There’s a small diner downtown where I live. They make the best hot dogs. I bellied up to the bar in front of the grill, waiting for my order while the short-order cook slaved away. A gentile elderly lady arrived and sat on the stool next to me. She ordered the lunch special. She was friendly and initiated conversation, asking me what line of work I was in. I responded that I was a minister, a preacher. With a facial expression somewhat averse, she said, “Oh my, I’m not a religious person. I believe religion is to blame for most of the wars and conflicts in the world. Don’t you agree?” “Well, I believe it certainly contributed to its fair share, but true religion, Christianity,” I said, “has been responsible for every major advancement of humanity.” At that point, someone she apparently knew greeted her and interrupted us. We never got to finish the conversation.

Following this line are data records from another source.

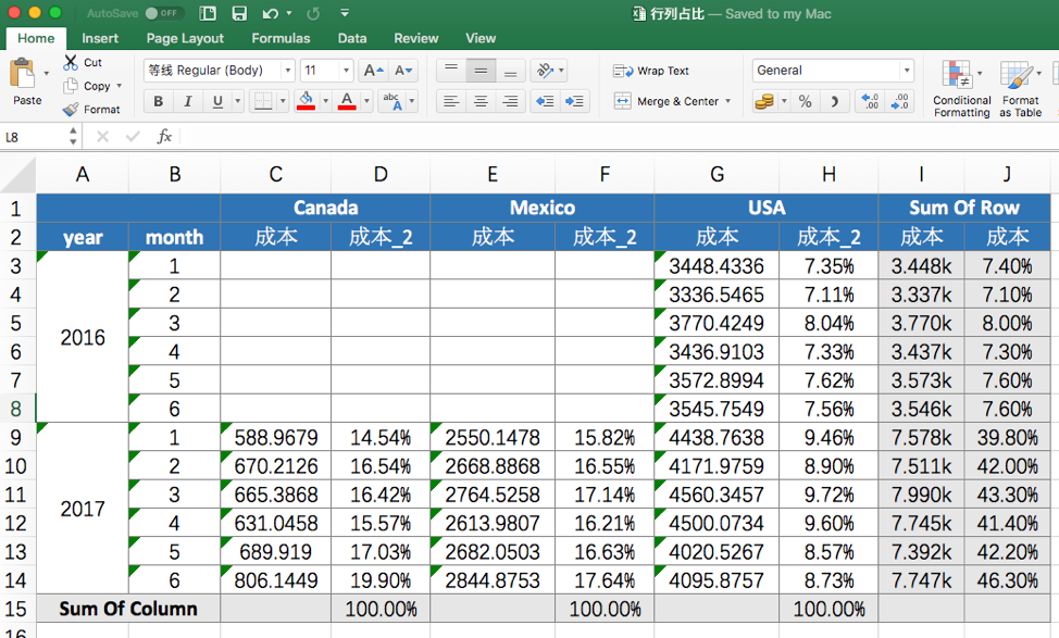 下图 USA 的列占比分成了按销售年份分成了 2 组, 为了让结果更加直观, 提前开启了列汇总功能, 显示 200%
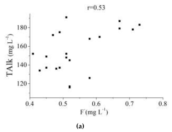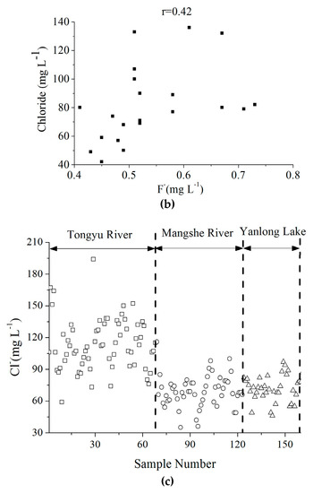 Pearson correlation coefficients for the possible relationships between fluoride and the other monitored physicochemical parameters are summarized in Table 3. There is a positive relationship between fluoride and total alkalinity (TAlk) (r = 0.53), suggesting that fluoride content is associated with the increase of alkalinity in surface water, which is similar to results from other literature [24]. The concentrations of TAlk in the Tongyu River are higher than the Mangshe River and Yanlong Lake, where the concentration of fluoride is also the highest. The correlation between fluoride and TAlk is shown in Figure 6a. Besides TAlk, the statistical relationship between fluoride concentration and Cl− is shown in Figure 6b with positive correlation coefficients of 0.42. The chlorine contents in three drinking water sources are shown in Figure 6c. Similar to fluoride, the chlorine contents in the Tongyu River are obviously higher than those in the Mangshe River and Yanlong Lake. As for the other parameters, the relationship between fluoride and pH, SO42−, and TDS are positive with correlation coefficients of 0.39, 0.22, and 0.11, respectively. Moreover, the relationship between fluoride and Na+ and K+ are negative with correlation coefficients of −0.15 and −0.47, respectively.
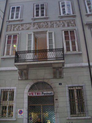 In questo edificio neoclassico, costruito nel 1823 su progetto di Matteo Pertsch, troviamo il motivo caro a lui caro di ornamenti a bassorilievo presente in numerose sue opere, e per il quale egli stesso si interessava contattando direttamente scultori e scalpellini. Nel 1952 sono state operate delle modifiche alla facciata al pianterreno.
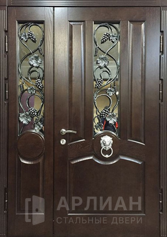 Входная парадная дверь с ковкой отделка натуральным деревом №79

What I said to her, however, is true.
In their book, What if Jesus Had Never Been Born, the late Dr. D. James Kennedy and Jerry Newcomb provide a historical overview of the extraordinary positive contributions Christianity has made through the centuries. They cite the impact it’s had on the value of human life, helping the poor, education, the founding of America, civil liberties, science, economics, health and medicine, morality, arts, and music.
Nevertheless, as Kennedy and Newcomb note, “Despite all the good the Church has done and continues to do, we’re reminded ad nauseum about the Crusades, the Inquisition, and the witch hunts — as if they are the sum total of the Christian record in history.”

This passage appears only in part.